Cena do filme "Sem Seu Sangue", da diretora Alice Furtado - Divulgação
Cena do filme "Sem Seu Sangue", da diretora Alice Furtado Imagem: Divulgação

Carlos A. Moreno

Rio de Janeiro (Brasil)

12/05/2019 17h24

Com o filme de estreia selecionado para concorrer neste mês na Quinzena dos Realizadores, do Festival de Cannes, a diretora carioca Alice Furtado acha que ainda está crua para disputar esta seleção paralela, mas acredita que esta é a oportunidade da sua vida.

"Não sei o que pensar. Aconteceu e tem um lado um pouco assustador, porque às vezes me sinto muito crua para isso que está acontecendo, que é uma coisa enorme. Ao mesmo tempo, é incrível. É a melhor forma de começar", afirmou a cineasta, de 31 anos, em entrevista à Agência Efe no Rio de Janeiro.

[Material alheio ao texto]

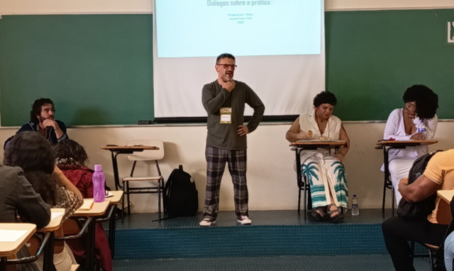 Na sequência, a mesa “RAPS e Redução de Danos: contos reais de práticas de criatividade e cuidado” apresentou experiências ligadas ao trabalho na Rede de Atenção Psicossocial (RAPS). Luiza Ribeiro (Terapeuta Ocupacional CAPSI – SP)destacou a importância da aliança comunitária e criticou os impactos da terceirização nos serviços de saúde. Fernando Meira (Médico de Família – BA), médico de família, relatou desafios enfrentados com moradores de rua e adolescentes, defendendo o vínculo como essência do cuidado. Daniel de Souza relatou as ações do Consultório na Rua, entidade que atua, que incluem oficinas e eventos culturais para fortalecer laços comunitários. O mediador Daniel Elia (PDHSM – Fiocruz)ressaltou que a relação com o território é um dos pontos centrais no trabalho e no cuidado.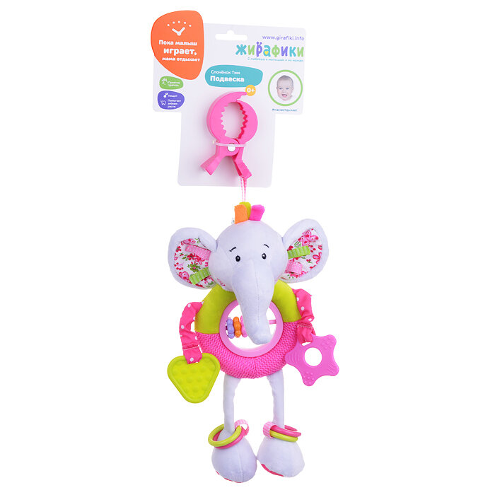 Подвесная игрушка Жирафики Слонёнок Тим (93596) белый/розовый/салатовый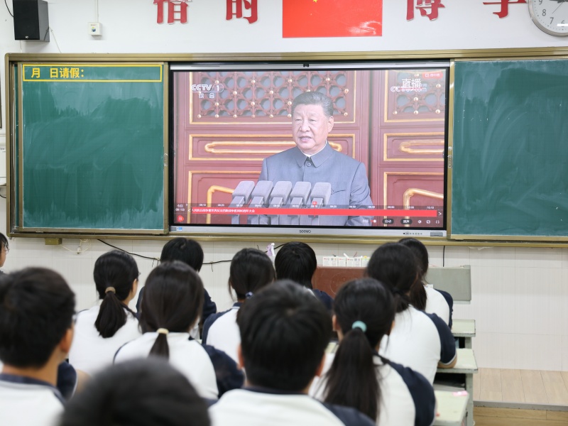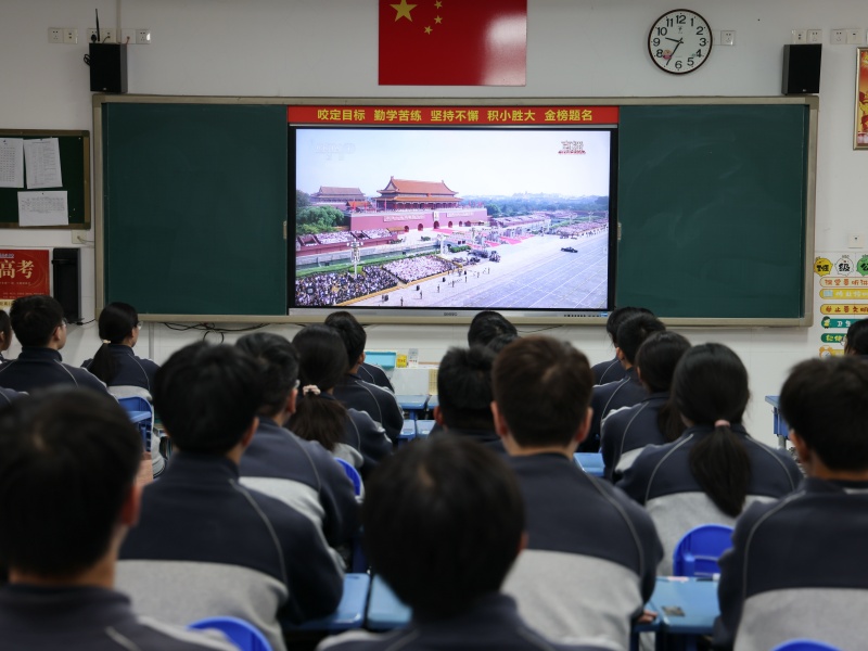 庄严肃穆却又欢欣振奋的氛围弥漫在校园中。全校上下高度重视,领导班子全体成员齐聚会议室观看大阅兵直播,各年级积极响应,提前对教学安排进行了细致入微的调整,上午9点,在各班班主任的悉心组织与引导下,学生们身着整洁的校服,端坐在座位上,目光中闪烁着期待与敬仰,以最饱满的精神状态迎接这一历史性的时刻。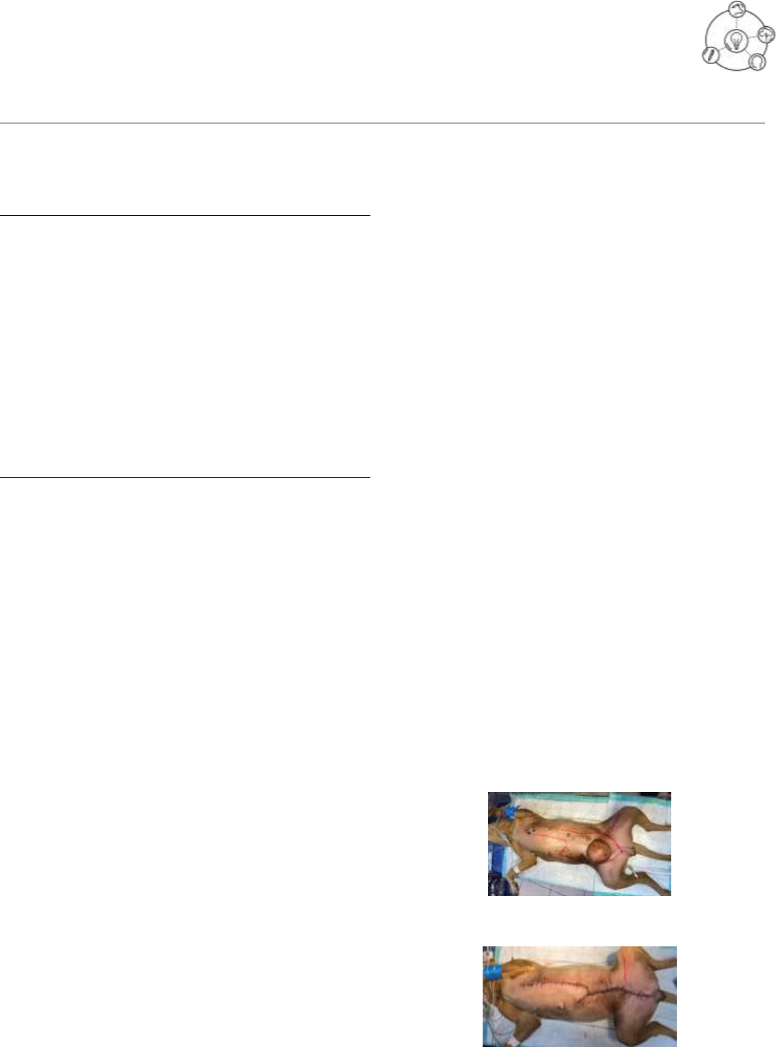 XIV Colóquio Técnico Científico de Saúde Única, Ciências Agrárias e Meio Ambiente MASTECTOMIA UNILATERAL ESQUERDA, REGIONAL CAUDAL DIREITA E OVARIOHISTERECTOMIA: RELATO DE CASO CIRÚRGICO Anna Caroline Castelan da Mata1*, Rhilaria Gabriela da Silveira2, Rayssa Secundino da Silva Augusto3 e Ashiley Martins de Souza Miranda4. 1Discente no Curso de Medicina Veterinária – Centro Universitário de Belo Horizonte - UniBH – Belo Horizonte/MG – Brasil – *Contato: anna.c.damata@gmail.com 2Discente no Curso de Medicina Veterinária – Universidade Salgado de Oliveira - Universo– Belo Horizonte/MG – Brasil 3Discente no Curso de Medicina Veterinária – Pontifícia Universidade Católica de Minas Gerais – PUC Minas – Belo Horizonte/MG – Brasil 4Discente no Curso de Medicina Veterinária – Centro Universitário UMA – Belo Horizonte/MG – Brasil INTRODUÇÃO O tumor mamário é um dos mais frequentes em cadelas que foram submetidas à castração tardia, na fase sênior ou de meia idade que realizaram a ovariohisterectomia, é uma neoplasia decorrente da perda do controle da divisão celular e crescimento anômalo das células presentes na cadeia mamária1. O tratamento é cirúrgico e o nódulo retirado deve ser encaminhado para análise histopatológica para avaliar uso de terapias antineoplásicas complementares. O acompanhamento clínico em pacientes oncológicos é de extrema importância e deve ser realizado por toda a vida do paciente. No seguinte trabalho é relatada uma cadela sem raça definida, 27,1 kg, 12 anos diagnosticada com nódulo na quinta mama esquerda (M5E), inguinal, na terceira mama esquerda (M3E), abdominal 1, e na quarta mama direita (M4D), abdominal 2, como tratamento foi realizado o procedimento cirúrgico de mastectomia unilateral esquerda, regional caudal direita e ovariohisterectomia. O nódulo foi encaminhado para análise histopatológica tendo como resultado adenoma tubular e adenoma de lactação. RELATO DE CASO E DISCUSSÃO Um cão, sem raça definida, aproximadamente 12 anos de idade, não castrada, deu entrada em uma Clínica Veterinária, com histórico de nódulo com crescimento gradual a mais de um ano e, aumento acentuado no período de dois meses anteriores. A paciente foi submetida a exame clínico, e, no momento da palpação, foi possível notar um nódulo de 12,6 centímetros de diâmetro em sua M5E, um aumento de volume na M3E e em sua M4D. A fisiopatologia de tumores mamários advém do uso de medicamentos contraceptivos, pseudocieses recorrentes e hormônios sexuais como o estrógeno, a prolactina, progesterona, os andrógenos e os hormônios tireoidianos estão envolvidos na carcinogênese mamária como descrito na literatura2. Após a avaliação optou-se pela terapêutica cirúrgica. Anterior ao procedimento, foi coletada amostra de sangue para realização de hemograma e bioquímico sérico, além da realização de Ecocardiograma, ultrassom abdominal e radiografia torácica em três incidências: ventro dorsal, lateral-direita e lateral-esquerda. Em nenhum exame complementar foi observado alterações. A paciente foi submetida à intervenção cirúrgica, onde foi utilizada a técnica de mastectomia unilateral esquerda, regional caudal direita e ovariohisterectomia. O animal foi submetido a jejum alimentar e restrição hídrica por 12 horas antes do procedimento cirúrgico. Dado início a sedação da paciente, a mesma foi colocada em decúbito dorsal na mesa cirúrgica. No manejo anestésico, a paciente foi entubada e induzida com propofol (6 mg/kg). A tricotomia da região abdominal abrangeu ambas cadeias mamárias, sendo realizada também, tricotomia do membro torácico direito para acesso venoso. A assepsia foi realizada com uso de Clorexidina 2% em toda a região tricotomizada com demarcação do bloco mamário proposto (Fig. 1). Iniciou-se a paramentação da equipe cirúrgica, foi colocado o pano de campo, prendendo o com as pinças backhaus. Com o bisturi iniciou-se uma incisão no abdômen em linha média ventral retro umbilical, feita exposição do corpo uterino com auxílio do gancho de Snoock, realizada ligadura dupla do corpo e dos vasos uterinos com fio de sutura absorvível Poliglicólico 0 na região do cérvix uterino. Após a ligadura foi realizado corte do corpo uterino com bisturi ultrassônico, e posteriormente celiorrafia em padrão simples contínuo com fio de sutura absorvível Poliglicólico 0. Em seguida, foi realizada incisão na linha proposta e dissecação do bloco mamário com a tesoura de Metzembaum, ligaduras duplas dos vasos epigástricos utilizando fio de sutura Ácido Poliglicólico 2-0 para hemostasia. Iniciada a retirada da cadeia e do linfonodo axilar com o bisturi ultrassônico e aproximação dos tecidos com walking suture com fio sutura Ácido Poliglicólico 2-0. Por fim, foi executado o fechamento da camada subcuticular com sutura contínua com Fio Ácido Poliglicólico 2-0, logo após, a dermorrafia em padrão simples contínuo na porção cranial e em X modificado na porção caudal com fio nylon 3-0 (Fig. 2). Após a retirada da cadeia mamária, foi realizado curativo filme transparente e a paciente foi enfaixada por toda região abdominal. O nódulo foi encaminhado para o histopatológico e como resultado foi constatado adenoma de lactação e adenoma tubular. Após 12 dias da realização do procedimento, foi feita avaliação da ferida cirúrgica, que apresentou boa cicatrização, sem presença de edema ou seroma e realizado a retirada dos pontos. No relato de caso apresentado foi constatado uma neoplasia mamária em cadela de 12 anos. O adenoma tubular segundo a literatura é um tumor benigno epitelial raro na mama3, contudo os estudos são baseados em pacientes humanos, carecendo no âmbito da medicina veterinária. O risco de desenvolvimento de neoplasias mamárias é reduzido em 0,5% em cadelas castradas antes do primeiro estro, quando realizado após o primeiro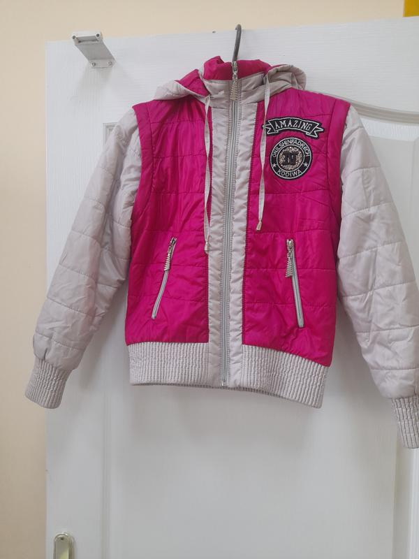 Куртка весенняя с отстегивающимися рукавами,можно носить как жилет.Длина куртки 50см,плечая 35см, длина рукава 52 см.
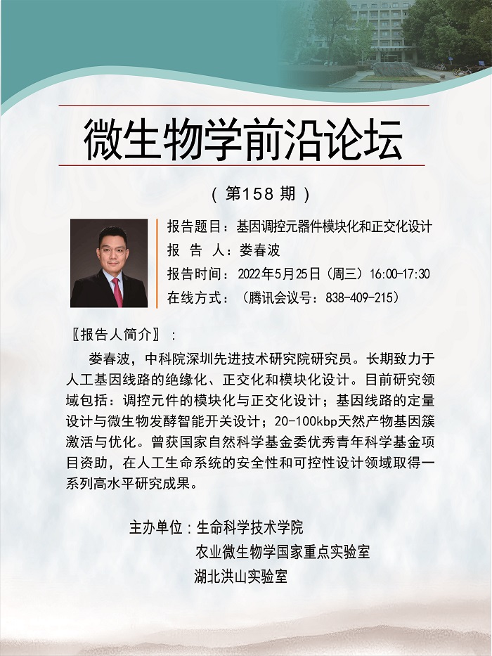 活动时间 报告题目 基因调控元器件模块化和正交化设计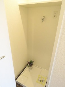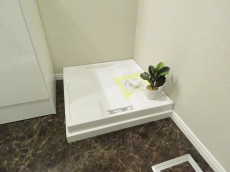 洗濯機置場と洗面化粧台はお隣同士。白基調で清潔感たっぷりです。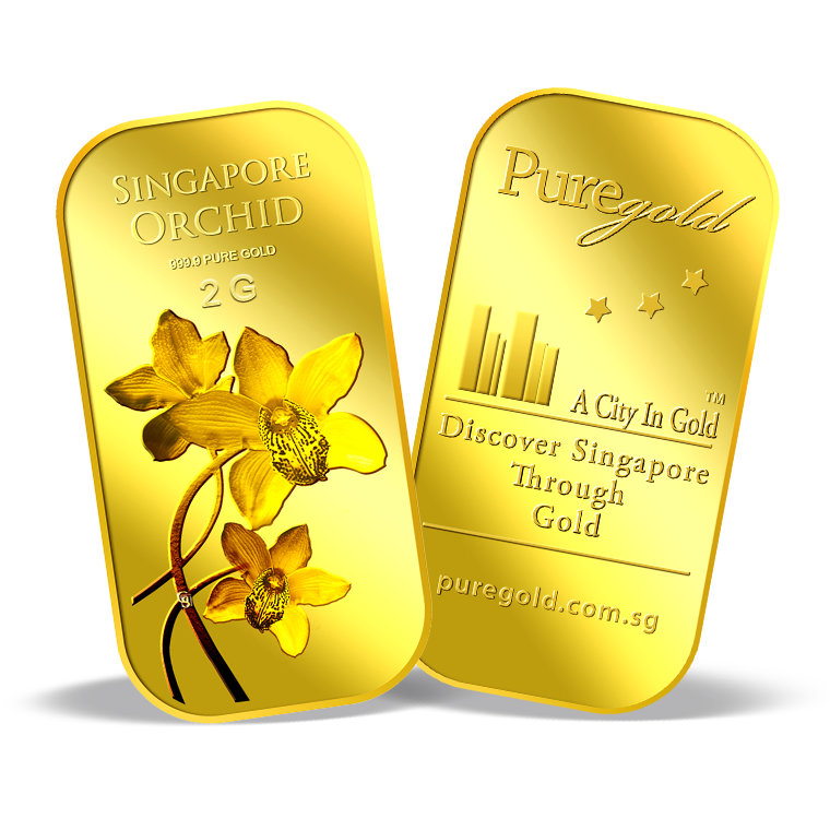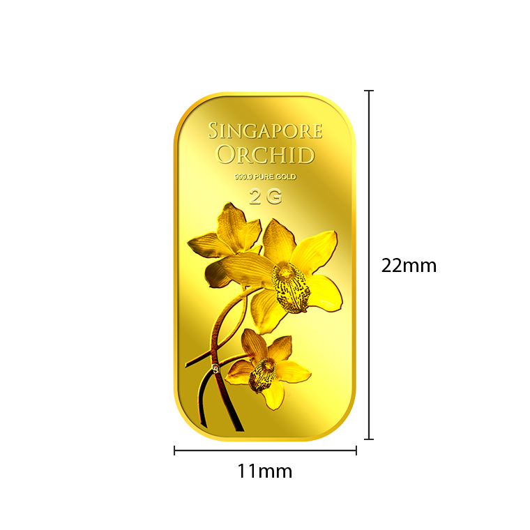 The image is embossed on a 2 grams 999.9 fine gold bar.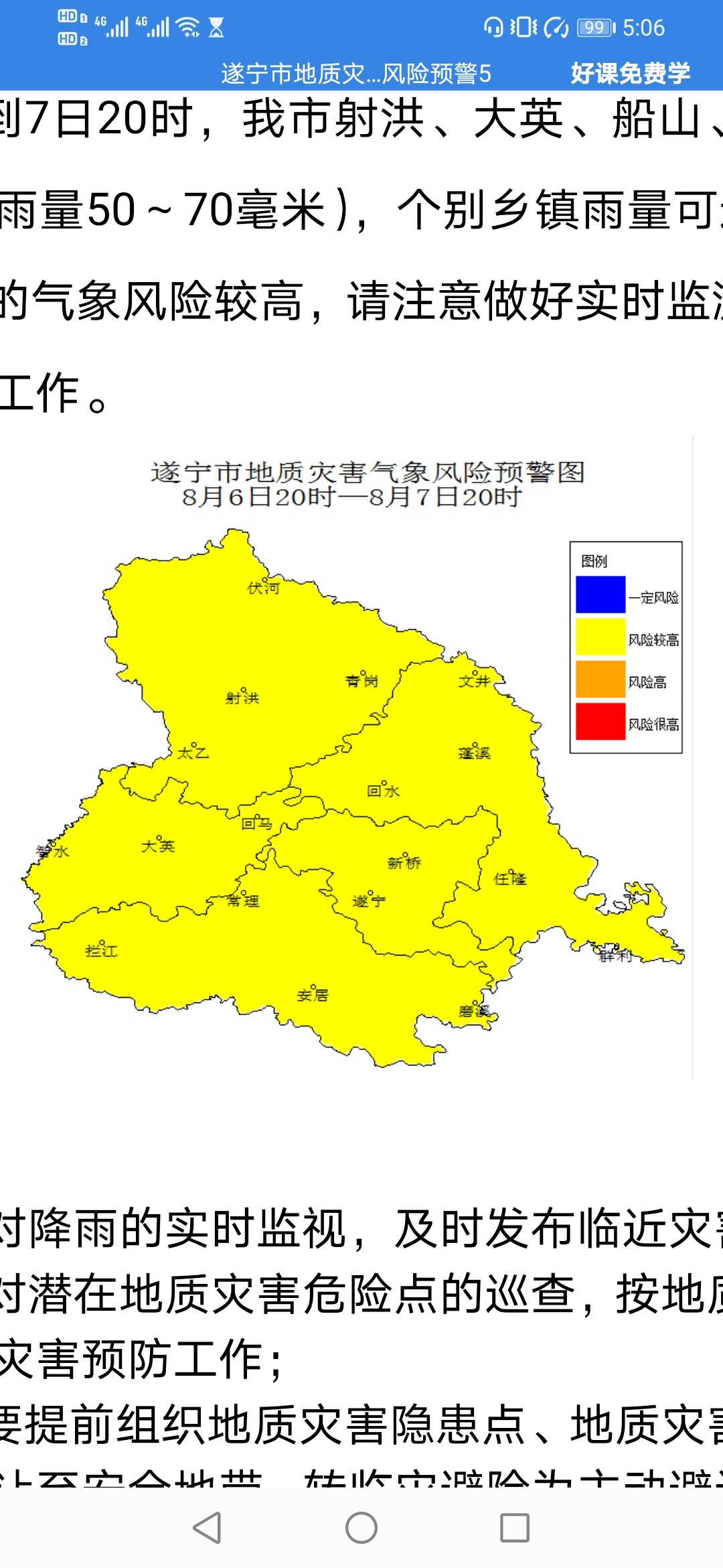 8月6日16时30分,遂宁市自然资源和规划局与遂宁市气象局联合发布地质灾害气象风险预警:预计6日20时到7日20时,遂宁射洪、大英、船山、安居、蓬溪部分地方有暴雨(雨量50~70毫米),个别乡镇雨量可达100毫米以上,发生地质灾害的气象风险较高,请注意做好实时监测、防汛预警和转移避险等防范工作。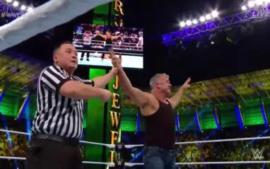 Suddenly, as The Miz left the ring, he slipped and started selling his leg. Nobody checked on him and they mentioned it on commentary — so this was likely a work. The Miz couldn’t make it back into the ring and the match hadn’t even started yet. Shane McMahon asked The Miz if he could do it as well — after all, if The Miz loses the match then by Shane’s decree it would cost him his job.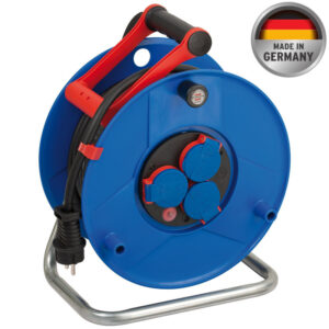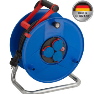 Brennenstuhl’un mavi renginde 44m kablo uzunluğuna sahip Garant IP25 ticari/şantiye kablo tamburu, tüm alanlarda kalitesi ve güvenliği ile etkileyicidir. Kablo tamburu, şantiyelerde ve dış mekanlarda kullanım için idealdir
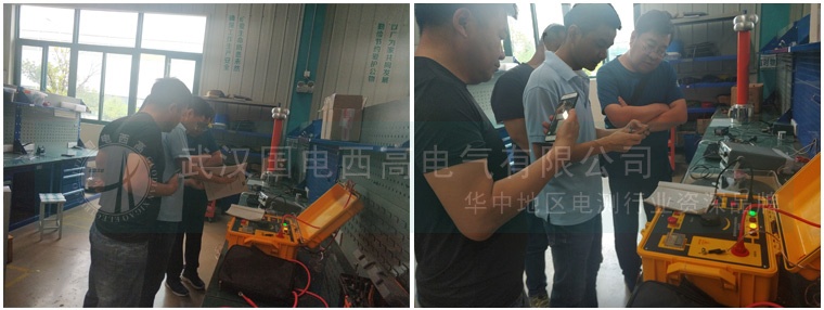 操作演示中我們做好設備的接線接地,隨后用公式計算出試驗所需的數據,然后調節好相關的試驗參數進行試驗。通過我們一遍一遍的演示和講解下,解決了客戶所遇到的技術難題。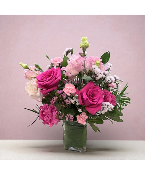 Pink Kiss is a lovely arrangement showcasing a spectrum of pink hues from soft pastels to vibrant magentas, with blooms of varying sizes featuring layered petals, ruffled clusters, and tiny delicate accents, interspersed with fresh green foliage and subtle pale elements.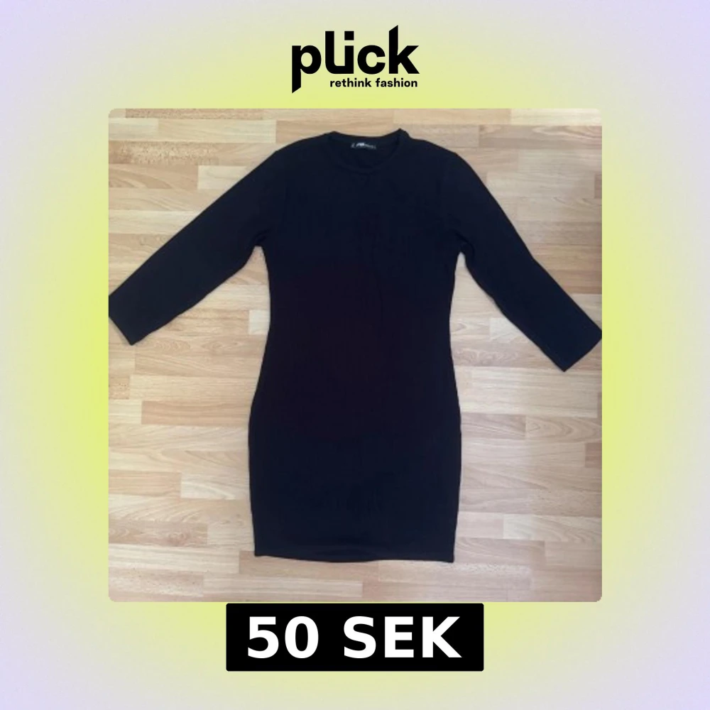 En svart, ribbad klänning från FB Sister i storlek XL. Modellen är kort med trekvartsärm och har en rund halsringning. Klänningen har en slim passform som framhäver figuren och är tillverkad i mjuk bomull för en bekväm känsla. Förminskad och är som M. Bröst 90cm. Sydde upp ärmarna till trekvart längd.

"Sem Seu sangue" foi um dos 24 escolhidos para a 51ª edição da "Quinzaine des réalisateurs", que acontecerá entre 15 e 25 de maio. Ele concorrerá com filmes de diretores já conhecidos, como o filipino Lav Diaz, o francês Bertrand Bonello e o japonês Takashi Miike.

"Foi muito difícil me dar conta de tudo o que pode acontecer a partir de agora. Acho que a ficha ainda não caiu totalmente, mas é incrível", afirmou ela, que é formada em cinema pela Universidade Federal Fluminense e que até agora tinha apenas dois curtas-metragens no currículo.

"Crua", mas experiente

A diretora Alice Furtado - Reprodução/EFE - Reprodução/EFE
A diretora Alice Furtado
Imagem: Reprodução/EFE

Apesar de ser a brasileira mais jovem a ser selecionada para Cannes, Alice já tem experiência no festival. Seu primeiro curta, "Duelo Antes da Noite", produzido aos 22 anos, foi escolhido em 2010 para a mostra competitiva "Cinéfondation" (para diretores em formação).

"Era um ambiente mais acolhedor, onde cuidam dos produtores porque todos eram muito jovens, todos estavam passando por aquilo pela primeira vez, então é menos profissional. Agora, não sei o que esperar. Quero viver este momento com toda a equipe. Acho que vai ser super emocionante. Não tenho como ter uma dimensão porque é uma sala para 825 pessoas num local onde o cinema está em primeiro lugar", explicou.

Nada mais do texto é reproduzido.